An interesting clip of Tim Burton hosting Price's HOUSE OF WAX

Earlier films of note also included: "The Raven", "The Tower of London" and "The Fall of the House of Usher".

In 1964, Price starred in the wonderful "Masque of the Red Death" which may have been one of the best films and performances of his career.

Price involved himself with primarily horror films in the 1950's and 1960's, only to reach the 1970's and become involved in films that almost cast him as a "spoof" per se. anything and everything. Later in the 1980's he would appear in Michael Jackson's MTV video "Thriller", and work a small role in Burton's "Edward Scissorhands". The bottom line is that Price's best years were during the 1940's - 1960's and proved that "horror" was what he was suited for best.
Have a listen to the uncut 'rap' by Price for Jackson's THRILLER!

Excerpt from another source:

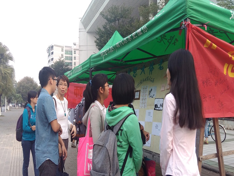 活动现场,帐篷下,悬挂着用于签字横幅;展板上,张贴着优秀三行情书作品和有关“大体老师”的简介和照片。凉风袭来,虽透着丝丝寒意,但来往的同学们都积极响应。他们在三行情书前驻足,看着那庄严而沉重的照片,倾听工作人员的耐心讲解,深深触动着各院学子的心灵。他们满怀感激和敬重之情,并将这份情感流注于在横幅上书写的一笔一划,留言墙上深情的语言展示着学子们对“无语良师”大爱无疆的敬佩。那满满的名字,那简短的语言,满载着学子的感激,和对“大体老师”祭奠、默哀。

Price's final major film role was actually a memorable one and a definite tangent from his earlier works. "The Whales of August" (1987) featured Price with Bette Davis and Lillian Gish in a film that was vastly underrated.

Price passed away in 1993 and we pay homage this week to his career, his lifetime achievements and his dedication and devotion to the horror genre.

JER: Thank you, JC, for catching some details on some missed points from my part. I felt I couldn’t completely handle it all myself and selfishly leave you nothing to talk about!